:: TRY IT ::
Each record is to be printed again exactly, though not its pictures.

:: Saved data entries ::
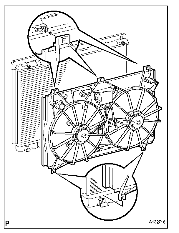 (a) Set the fan shroud with fan and motor to the radiator, and attach the 3 claws to install the fan shroud.
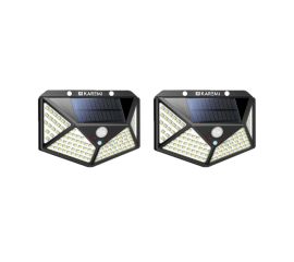 Set 2 lampi cu incarcare solara, Karemi, 100 x LED, cu senzori de amurg, miscare si lumina, 3 trepte de iluminare Lampi solare de perete cu senzor de lumina si miscare 100 LED-uri foloseste razele soarelui pentru a se incarca si a fi functionabila pe tot parcursul noptii....
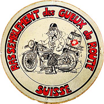 Left: The commemorative sticker of the 1st Gueux d'Route Suisse rally organized by Alain Chauvet, Jean-Claude Golay and Pierre Fontannaz near Yverdon.
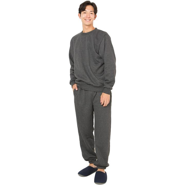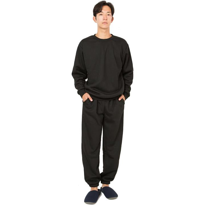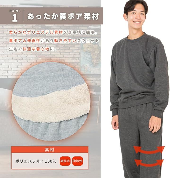 寒い季節に裏ボア素材を使用した、暖かくて動きやすいトレーナーとパンツの上下セット。
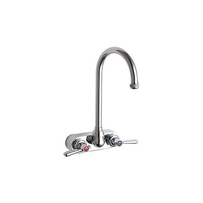 This Wall Mounted 4" Center Faucet w/Indexed Lever Handles includes: Quaturn Operating Cartridges, Indexed Lever Handles, Rigid/Swing Gooseneck Spout and 2.2 GPM Pressure Compensating Softflo Aerator. This faucet also has 1/2" NPSM coupling nut for 3/8" or 1/2" flexible riser. The Rigid/Swing Gooseneck Spout has a 9-3/4" height to top of spout, a 5-3/8" inlet to outlet projection and a 6-1/8" height to outlet.
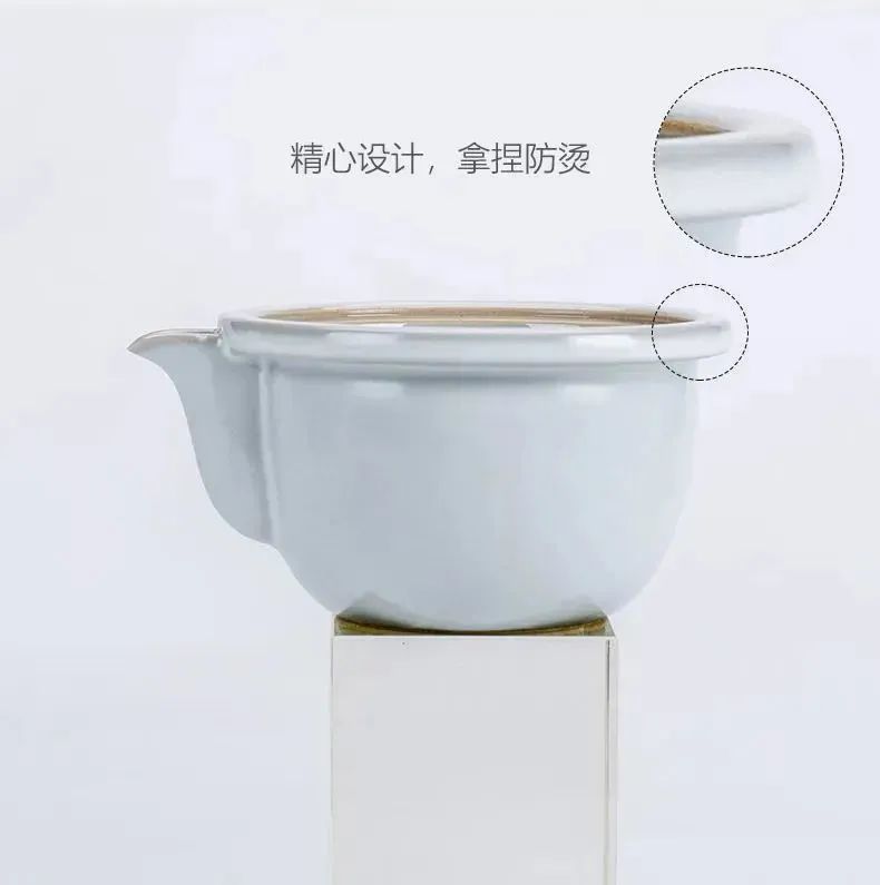茶具采用传统汝瓷制作工艺,采用宋徽宗挚爱的经典天青色与月白色,从釉色到弧度,都通过细细考量,出水流畅而不烫手,暖心陪伴你大展宏图的每一刻。
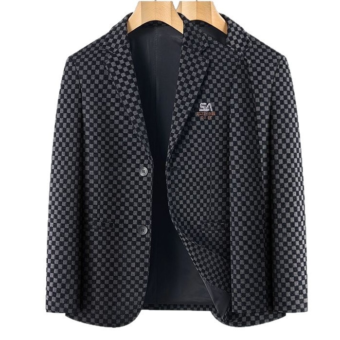 テーラードジャケット チェック柄 メンズ*新品 スーツジャケット カジュアル アウター ブレザー 秋服冬服【ZL 6M6301】黒 3XL 收藏
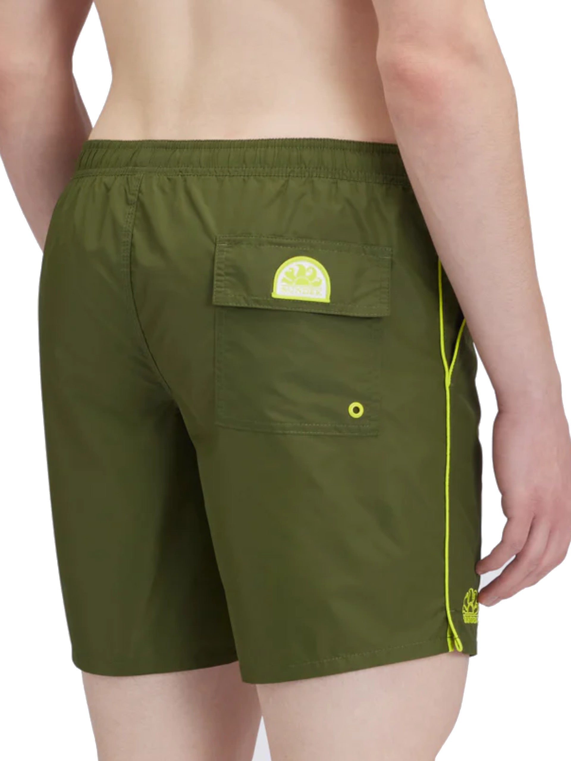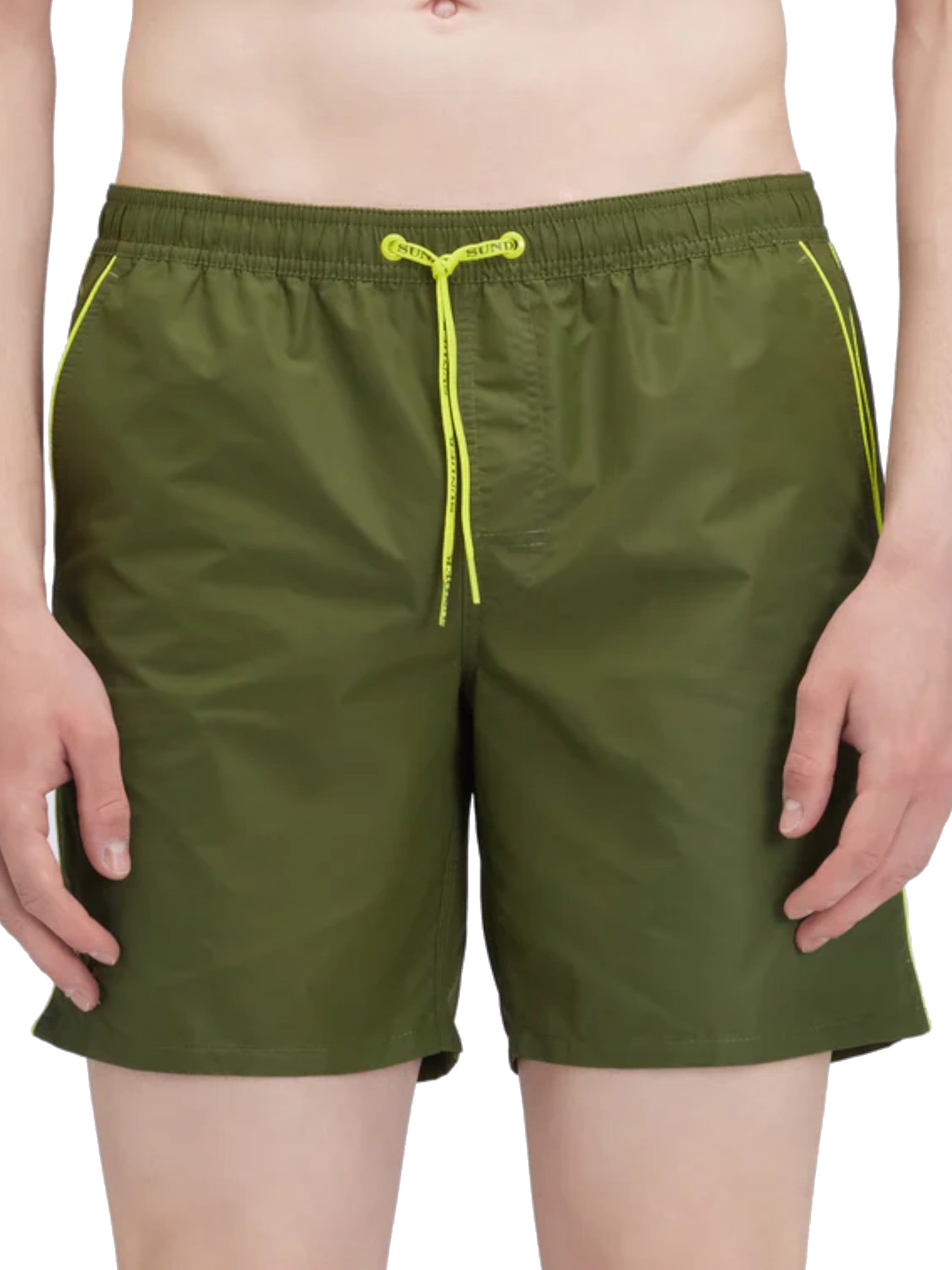 Costume mare Sundek verde da uomo Boardshort con inserti gialli M420BDTA100. Questo costume Sundek verde ha la retina traspirante interna, la banda elastica sul punto vita regolabile con laccetti, due tasche laterali sul davanti e il taschino sul retro. Il costume Sundek è caratterizzato da profili gialli a contrasto colore ed il logo del brand applicato sul fondo della gamba e sul taschino.
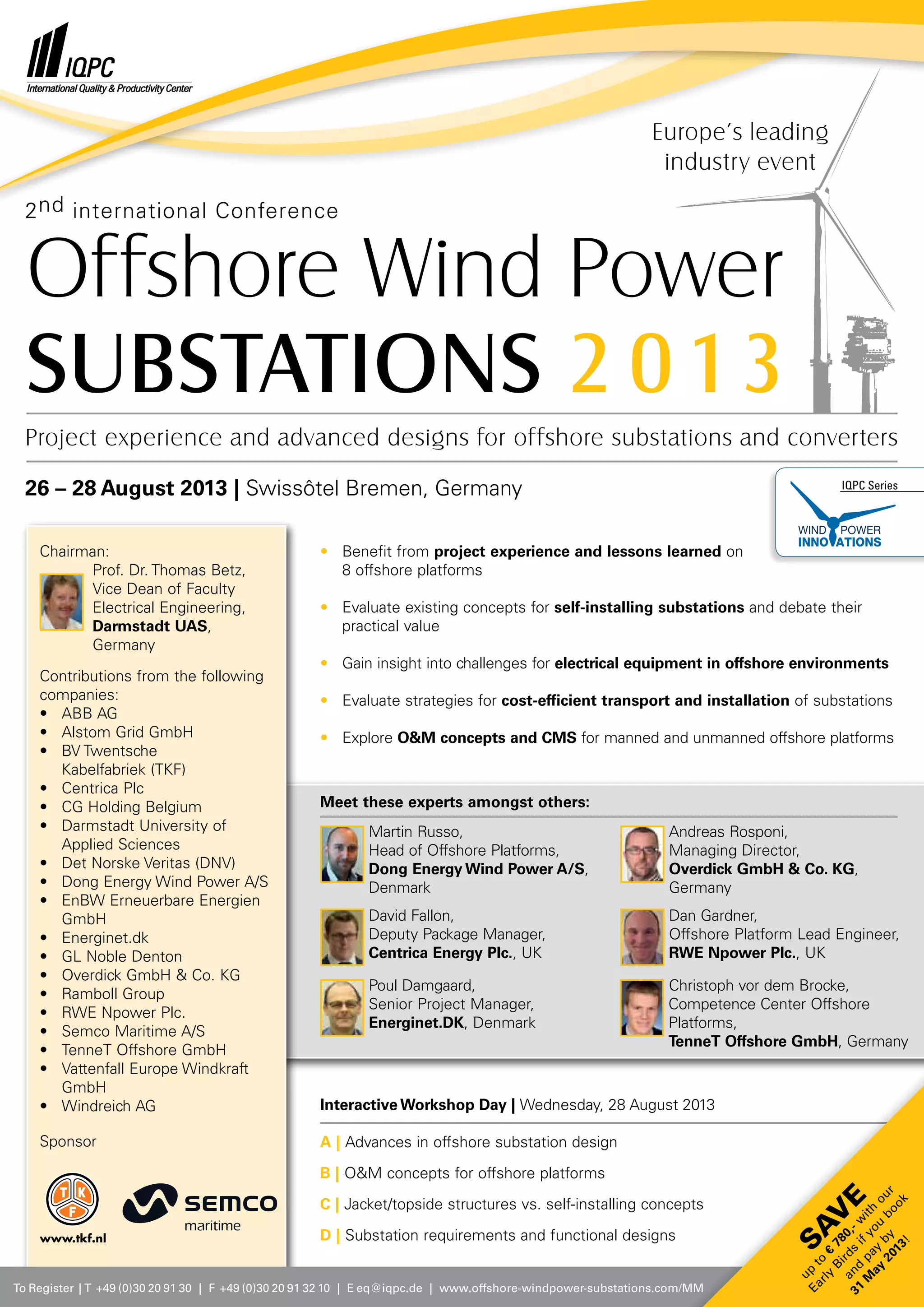 The document outlines the agenda and details for the 2nd International Conference on Offshore Wind Power Substations, held from August 26-28, 2013, in Bremen, Germany. It highlights key topics such as offshore substation design, operation and maintenance concepts, and the evaluation of self-installing substations, featuring insights from various industry experts. Registration information, participating companies, and testimonials from previous attendees emphasize the conference's networking and learning opportunities in the offshore wind sector.
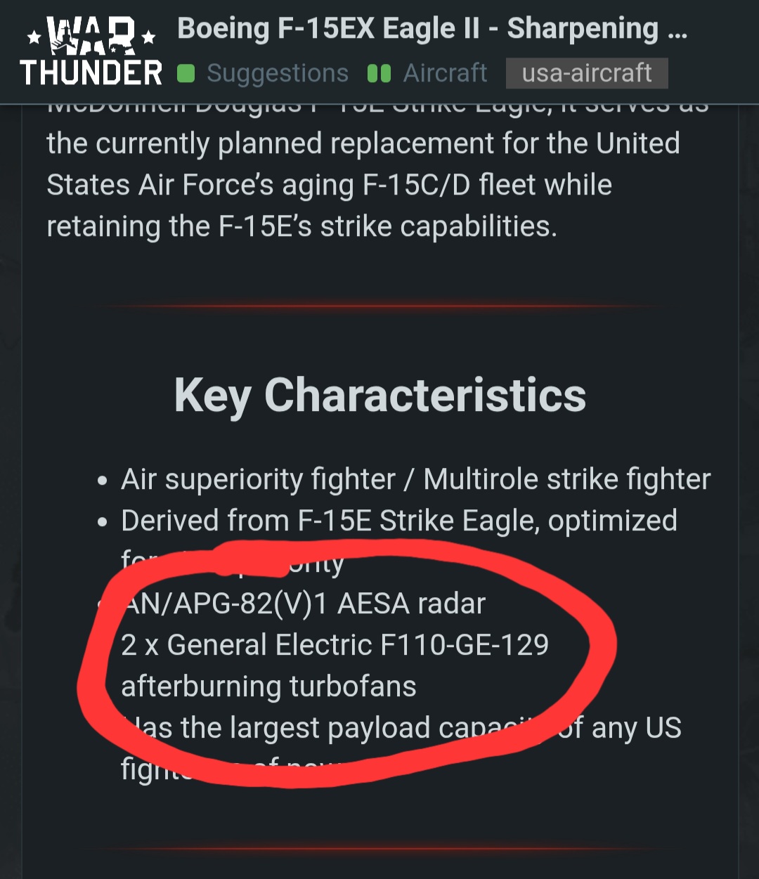 so it seems more like it is an upgraded F-15D or early F-15E, so ingame it probably gonna end up as another F-15 GE
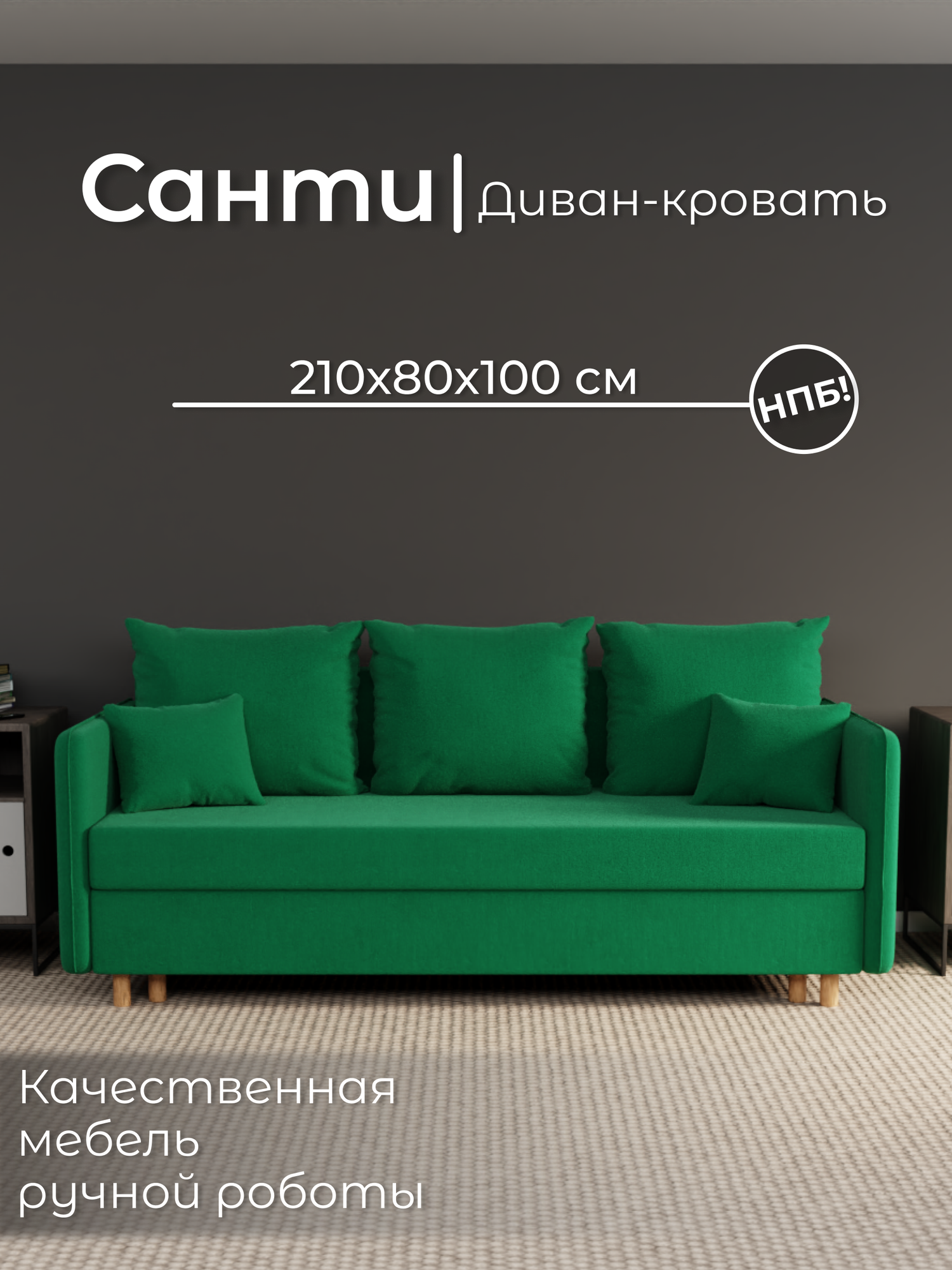Диван, диван-кровать, диван раскладной «Санти» НПБ, Велютта люкс 33, размеры 210х80х100, зеленый: сравнение цен, характеристики, фото, актуальное наличие и цены.
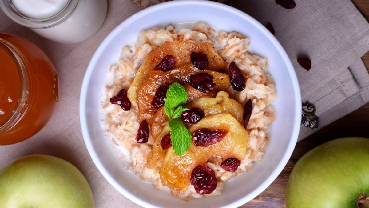 для каши: для топинга: В сотейнике смешать все ингредиенты для каши. Довести до кипения и варить до готовности на малом огне. Яблоки без кожуры и сердцевины нарезать дольками. Обжарить на сливочном масле с одной стороны до румяной корочки, перевернуть и присыпать смесью коричневого сахара и корицы. Когда сахар начнет карамелизироваться, еще раз перевернуть дольки, чтобы покрылись карамелью со всех сторон. Добавить клюкву, через полминуты выключить огонь. Подавать овсянку с топингом горячей. Яблоки нужны твердых сортов, чтобы на сковороде они не превратились в пюре, овсяные хлопья — не быстрого приготовления, а вместо вяленой клюквы подойдет изюм. Приятного аппетита! :)
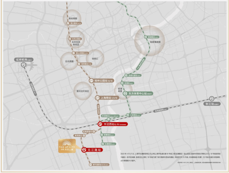 另外,通过15号线5站到景洪路站(原华泾西站),可换乘机场联络线(在建,年底通车),向西2站到虹桥,向东2站到张江;同样换乘19号线(在建),4站到前滩。

:: RESPONSE AREA ::
 (a) Set the fan shroud with fan and motor to the radiator, and attach the 3 claws to install the fan shroud.
 Set 2 lampi cu incarcare solara, Karemi, 100 x LED, cu senzori de amurg, miscare si lumina, 3 trepte de iluminare Lampi solare de perete cu senzor de lumina si miscare 100 LED-uri foloseste razele soarelui pentru a se incarca si a fi functionabila pe tot parcursul noptii....
 Left: The commemorative sticker of the 1st Gueux d'Route Suisse rally organized by Alain Chauvet, Jean-Claude Golay and Pierre Fontannaz near Yverdon.
 寒い季節に裏ボア素材を使用した、暖かくて動きやすいトレーナーとパンツの上下セット。
 This Wall Mounted 4" Center Faucet w/Indexed Lever Handles includes: Quaturn Operating Cartridges, Indexed Lever Handles, Rigid/Swing Gooseneck Spout and 2.2 GPM Pressure Compensating Softflo Aerator. This faucet also has 1/2" NPSM coupling nut for 3/8" or 1/2" flexible riser. The Rigid/Swing Gooseneck Spout has a 9-3/4" height to top of spout, a 5-3/8" inlet to outlet projection and a 6-1/8" height to outlet.
茶具采用传统汝瓷制作工艺,采用宋徽宗挚爱的经典天青色与月白色,从釉色到弧度,都通过细细考量,出水流畅而不烫手,暖心陪伴你大展宏图的每一刻。
 テーラードジャケット チェック柄 メンズ*新品 スーツジャケット カジュアル アウター ブレザー 秋服冬服【ZL 6M6301】黒 3XL 收藏
 Costume mare Sundek verde da uomo Boardshort con inserti gialli M420BDTA100. Questo costume Sundek verde ha la retina traspirante interna, la banda elastica sul punto vita regolabile con laccetti, due tasche laterali sul davanti e il taschino sul retro. Il costume Sundek è caratterizzato da profili gialli a contrasto colore ed il logo del brand applicato sul fondo della gamba e sul taschino.
 The document outlines the agenda and details for the 2nd International Conference on Offshore Wind Power Substations, held from August 26-28, 2013, in Bremen, Germany. It highlights key topics such as offshore substation design, operation and maintenance concepts, and the evaluation of self-installing substations, featuring insights from various industry experts. Registration information, participating companies, and testimonials from previous attendees emphasize the conference's networking and learning opportunities in the offshore wind sector.
 so it seems more like it is an upgraded F-15D or early F-15E, so ingame it probably gonna end up as another F-15 GE
Диван, диван-кровать, диван раскладной «Санти» НПБ, Велютта люкс 33, размеры 210х80х100, зеленый: сравнение цен, характеристики, фото, актуальное наличие и цены.
 для каши: для топинга: В сотейнике смешать все ингредиенты для каши. Довести до кипения и варить до готовности на малом огне. Яблоки без кожуры и сердцевины нарезать дольками. Обжарить на сливочном масле с одной стороны до румяной корочки, перевернуть и присыпать смесью коричневого сахара и корицы. Когда сахар начнет карамелизироваться, еще раз перевернуть дольки, чтобы покрылись карамелью со всех сторон. Добавить клюкву, через полминуты выключить огонь. Подавать овсянку с топингом горячей. Яблоки нужны твердых сортов, чтобы на сковороде они не превратились в пюре, овсяные хлопья — не быстрого приготовления, а вместо вяленой клюквы подойдет изюм. Приятного аппетита! :)
 另外,通过15号线5站到景洪路站(原华泾西站),可换乘机场联络线(在建,年底通车),向西2站到虹桥,向东2站到张江;同样换乘19号线(在建),4站到前滩。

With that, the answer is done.